Date of Award

Spring 1-1-2019

Document Type

Dissertation

Degree Name

Doctor of Philosophy (PhD)

First Advisor

Matthew R. Hallowell

Abstract

Researchers and leading industry practitioners have turned to proactive safety metrics, such as safety leading indicators and safety climate, as predictors of future safety performance. Current academic research shows that the relationships between safety leading indicators and safety lagging indicators remain inconsistent, as well as the relationships between the dimensions of safety climate and safety performance. In addition, prior studies have measured the predictive capacity of these constructs separately even though they are logically associated with one another. Standardizing the measurement of proactive safety metrics and understanding how they relate to one another may facilitate consistency among the indicators or dimensions that define the two metrics, and such an understand may be helpful when pursuing efficient, multi-dimensional, and unified techniques for safety monitoring and prediction.

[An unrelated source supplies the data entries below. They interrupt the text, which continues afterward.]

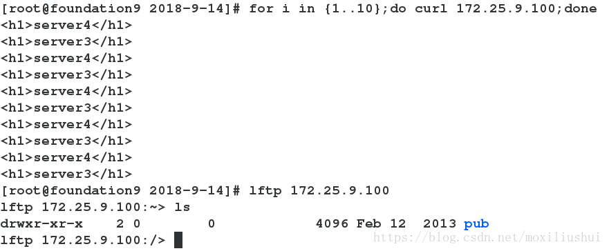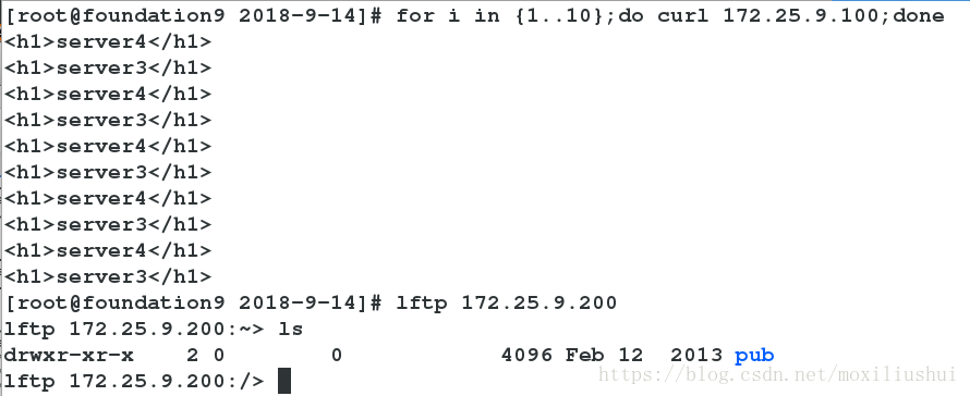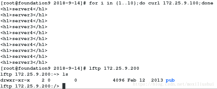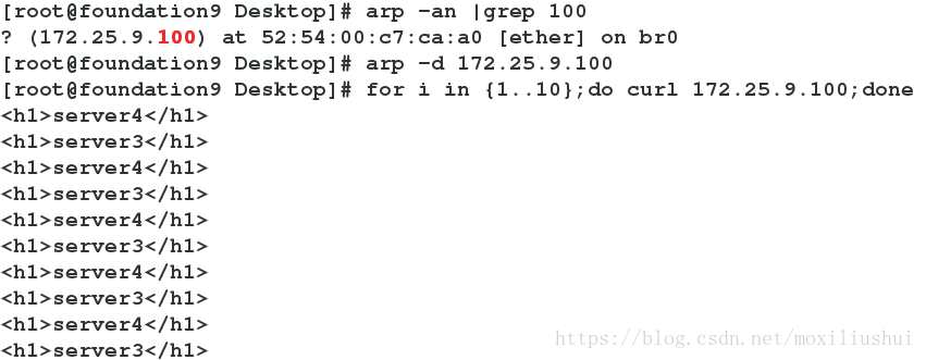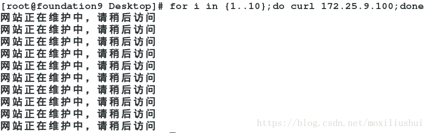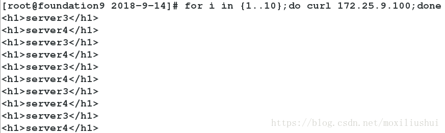 在物理机中for i in {1..10};do curl 172.25.9.100;done查看轮询结果
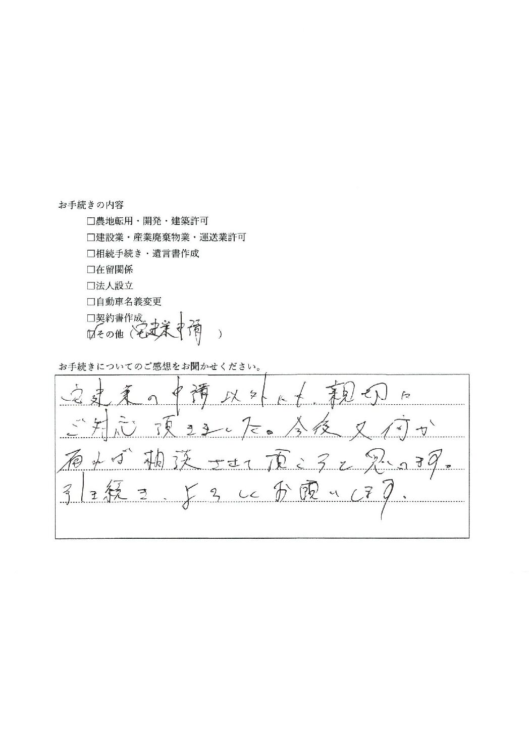 この度はご依頼いただきましてありがとうございました。不動産を反復継続して売却をする場合には宅建業者として業者免許を取得しなければなりません。今後の展望に沿った許可を取得出来て安堵しております。今後ともよろしくお願いいたします。
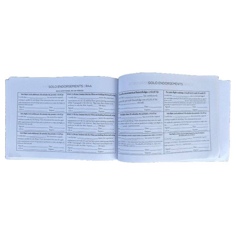 DESIGNED JUST FOR HELICOPTER PILOTS. Follows the regulations from logging time- with rotorcraft helicopter specific columns, and NO airplane columns to line through. Complete with the proper endorsements in the proper order - with options for R22, R44, and blank fillable endorsements for Cabri, Schweitzer, or any other aircraft you choose to learn in. |
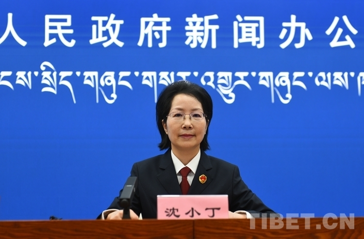 圖為西藏自治區(qū)人民檢察院檢委會專職委員、新聞發(fā)言人沈小丁介紹相關(guān)情況
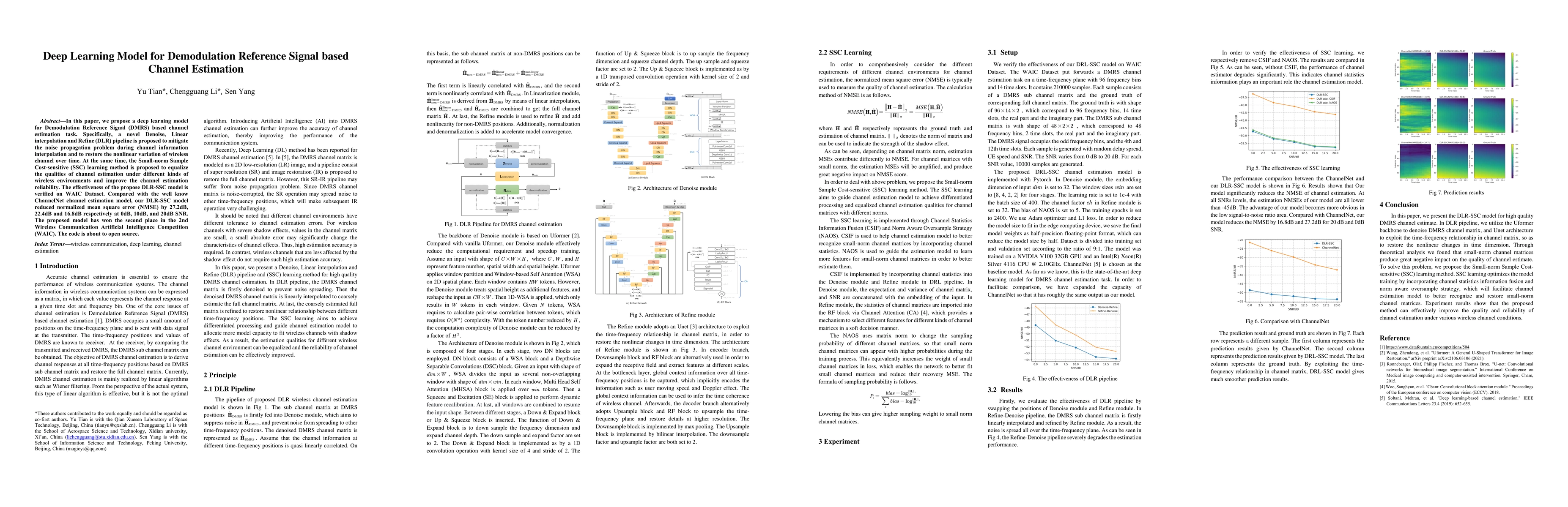 In this paper, we propose a deep learning model for Demodulation Reference Signal (DMRS) based channel estimation task. Specifically, a novel Denoise, Linear interpolation and Refine (DLR) pipeline is proposed to mitigate the noise propagation problem during channel information interpolation and to restore the nonlinear variation of wireless channel over time. At the same time, the Small-norm Sample Cost-sensitive (SSC) learning method is proposed to equalize the qualities of channel estimation under different kinds of wireless environments and improve the channel estimation reliability. The effectiveness of the propose DLR-SSC model is verified on WAIC Dataset. Compared with the well know ChannelNet channel estimation model, our DLR-SSC model reduced normalized mean square error (NMSE) by 27.2dB, 22.4dB and 16.8dB respectively at 0dB, 10dB, and 20dB SNR. The proposed model has won the second place in the 2nd Wireless Communication Artificial Intelligence Competition (WAIC). The code is about to open source.

This dissertation therefore aims to (1) empirically validate the relationship between safety leading indicators and safety performance, (2) empirically validate the relationship between the dimensions of construction safety climate and safety performance, and (3) develop a hypothetical exploratory model based on the theoretical differences between safety leading indicators and safety climate and empirically investigate using the structural equation modeling technique with data collected in the field.

The first meta-analysis of construction safety leading indicators and safety climate dimensions is used to quantify the extent to which safety leading indicators and the dimensions of safety climate predict safety performance. The results of the two meta-analyses offer a set of common safety leading indicators and safety climate dimensions that positively correlate with safety performance.

Data collected from a survey of 106 construction workers at nine construction job sites in the US were used to build the structural equation model to investigate the association between safety leading indicators and safety climate. The results show a positive relationship between safety leading indicators and safety climate.

This dissertation is the first work that standardizes, defines, and measures these relationships. Future work might expand the hypothetical exploratory model to include other construction safety predictors (e.g., precursor analysis) and empirically validate the relationships among them to advance the accuracy of construction safety prediction.